2. Generate Embed Token with hostOrigin
Section titled “2. Generate Embed Token with hostOrigin”When generating an embed token, you must pass the exact hostOrigin of the parent application embedding the iframe. This enables strict origin validation for the postMessage handshake, preventing unauthorized pages from reading or spoofing identity data.
const { embedUrl } = await volidator.generateEmbedToken({ actorId: session.userId, expiresIn: '2h', hostOrigin: 'https://app.yourcompany.com', // Parent origin});3. Install React Helpers
Section titled “3. Install React Helpers”Install the Volidator React package in your parent web application to simplify the handshake logic.
npm install @volidator/react4. Implement Hydration in the Host Page
Section titled “4. Implement Hydration in the Host Page”Use the useVolidatorHydration hook on the page rendering the Volidator iframe.
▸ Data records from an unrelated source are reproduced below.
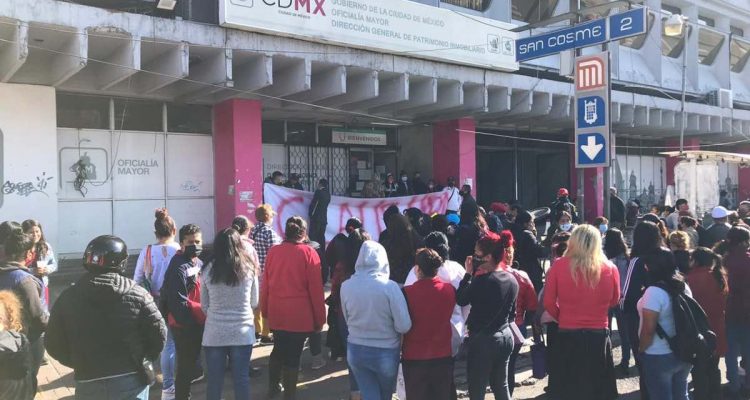 Mujeres integrantes del comercio popular, clausuraron de manera simbólica la Dirección General de Patrimonio Inmobiliario, ubicado en la Avenida Rivera de San Cosme número 75 colonia Santa María la Ribera, en la alcaldía de Cuauhtémoc.
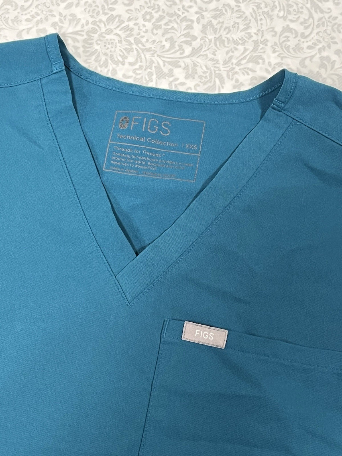как выглядит FIGS Catarina Scrub Top Womens XXS Blue Teal V-Neck 1 Pocket FW1000 фото
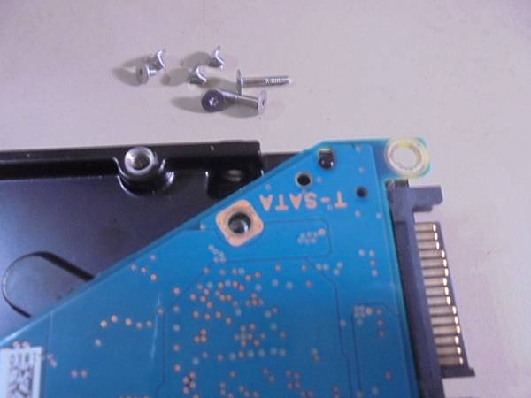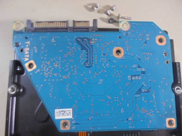 TOSHIBA東芝4TB→3.5吋硬碟接在電腦~不慎折斷SATA訊號7Pin接座而無法讀取→自己嘗試焊接但焊不起來~更換代用接座繼續使用→電腦關機後拆下硬碟接線~新北市中和區-陳先生【翻至背面鬆開7顆星形螺絲】
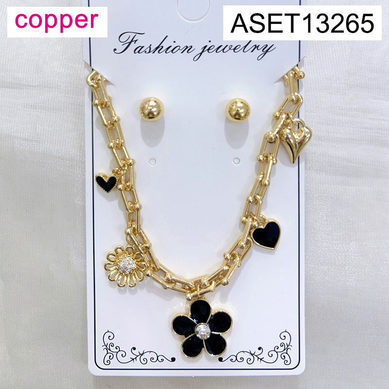 Level B Fashion Jewelry New Trendy Women Jewelry Horseshoe buckle chain Drip Oil/Enamel Flower Heart Golden SET;Material:copper (cobre)
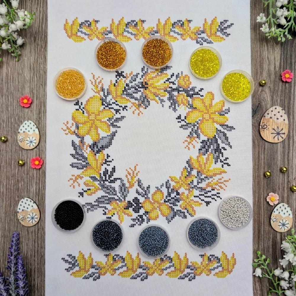 Набір для вишивання дитячого пасхального рушника на маленький кошик з чеським бісером Preciosa Ornela. Схема надруковані на тканині для подальшої вишивки бісером від Арт Міленіум.
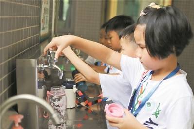 “我们一年级啦!”“欢迎新同学!”在广东实验中学荔湾学校第二小学部(简称“省实荔湾二小”)8月27日的新生报到日上,黑板上写着热情的欢迎词,迎接“小萌新”。该校校园环境中处处体现幼小衔接理念,比如贴合孩子身高的“大象”洗手池,有着攀爬架、平衡桥、滑梯等运动游玩设施的“欢乐岛”,老师带着同学打卡校园,每到一处都响起欢声笑语。
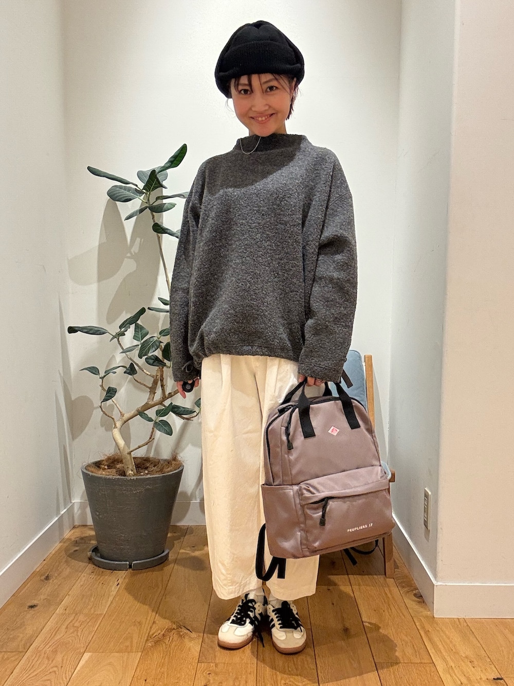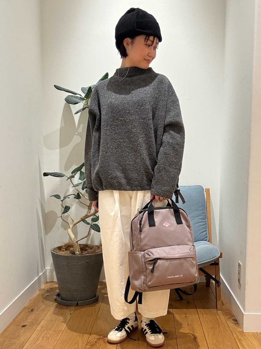 トップスはウール素材なのでとてもあたたかいです。ほどよいハイネックが首元をすっきり見せてくれます。
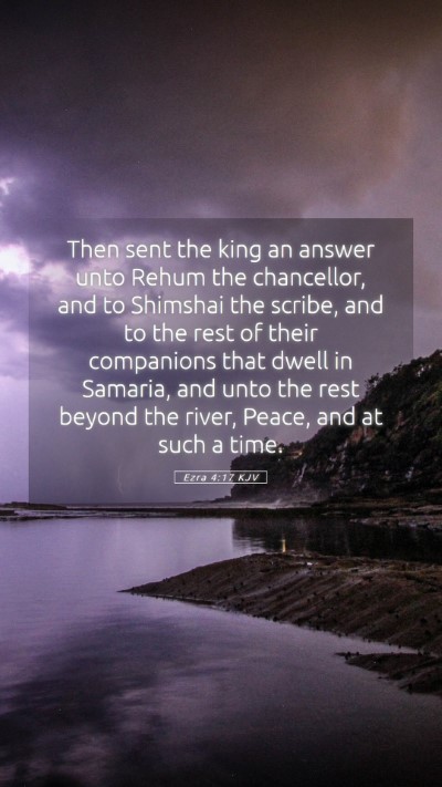Then sent the king an answer unto Rehum the chancellor, and to Shimshai the scribe, and to the rest of their companions that dwell in Samaria, and unto the rest beyond the river, Peace, and at such a time.
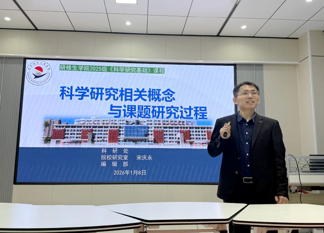 近日,研修生院为研修生开展首期通识教育系列课程,聚焦研修生“双师”能力成长需求,系统涵盖通识教育、马克思主义基本原理、科研方法论、现代教育技术应用四大核心内容,助力研修生快速适应跨领域研究与实践岗位,为其成长为应用型、职业型创业者筑牢思想根基、夯实能力基础。研修生院邀请通识教育学院副院长张洪岩、马克思主义学院教师邵奇、科研处教师宋庆永担任主讲教师,为全体研修生带来内容丰富、思想深刻的专题授课。
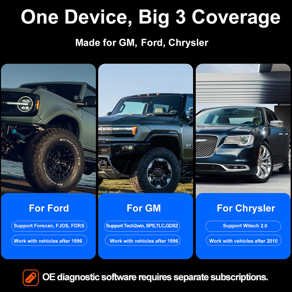 2. Multi-Brands Compatibility: One device supports multiple OEM software simultaneously. e.g. RLink X3 is compatible with over 8 OE software systems from three major automakers: Ford, GM, Chrysler.

This hook automatically listens for resolution requests, deduplicates and caches IDs, batches requests, and communicates securely with the iframe.
import { useRef } from 'react';import { useVolidatorHydration } from '@volidator/react';
export default function AuditLogsView({ embedUrl }: { embedUrl: string }) { const iframeRef = useRef<HTMLIFrameElement>(null);
useVolidatorHydration({ iframeRef, volidatorOrigin: 'https://dash.volidator.com', resolveActors: async (ids) => { // Call your backend API to map database IDs to display names const res = await fetch('/api/users/resolve', { method: 'POST', headers: { 'Content-Type': 'application/json' }, body: JSON.stringify({ ids }), }); return res.json(); // returns Record<string, { name: string; avatarUrl?: string }> }, });
return ( <iframe ref={iframeRef} src={embedUrl} width="100%" height="600" style={{ border: 'none' }} /> );}5. Implement the Backend Resolution API
Section titled “5. Implement the Backend Resolution API”On your backend, implement a batch endpoint that returns display names and optional avatars for the requested IDs.
// Next.js API Route Example (/pages/api/users/resolve.ts)import { NextApiRequest, NextApiResponse } from 'next';import { db } from '@/lib/db';
export default async function handler(req: NextApiRequest, res: NextApiResponse) { const { ids } = req.body as { ids: string[] };
// Fetch only the requested users from your database const users = await db.user.findMany({ where: { id: { in: ids } }, select: { id: true, name: true, image: true }, });
// Map to the required response structure const mapping = users.reduce((acc, user) => { acc[user.id] = { name: user.name, avatarUrl: user.image || undefined, }; return acc; }, {} as Record<string, { name: string; avatarUrl?: string }>);
return res.status(200).json(mapping);}Security & Edge Cases
Section titled “Security & Edge Cases”Strict Origin Verification
Section titled “Strict Origin Verification”To protect user privacy, both sides of the window handshake strictly enforce origins:
- The parent window ignores messages from any origin other than the configured
volidatorOrigin. - The embedded iframe ignores messages from any origin other than the
hostOriginspecified in the signed embed token.
Unresolved Identities
Section titled “Unresolved Identities”If an ID is not returned by the resolveActors callback (e.g., if a user was deleted from your database), the dashboard displays an amber warning badge:
⚠️ Unresolved: usr_890
Performance & Caching
Section titled “Performance & Caching”The useVolidatorHydration hook caches resolved identities inside a React useRef cache. When pagination or search updates the logs table, only new, uncached reference IDs are requested from your backend API. This completely avoids the N+1 queries problem and eliminates redundant network traffic.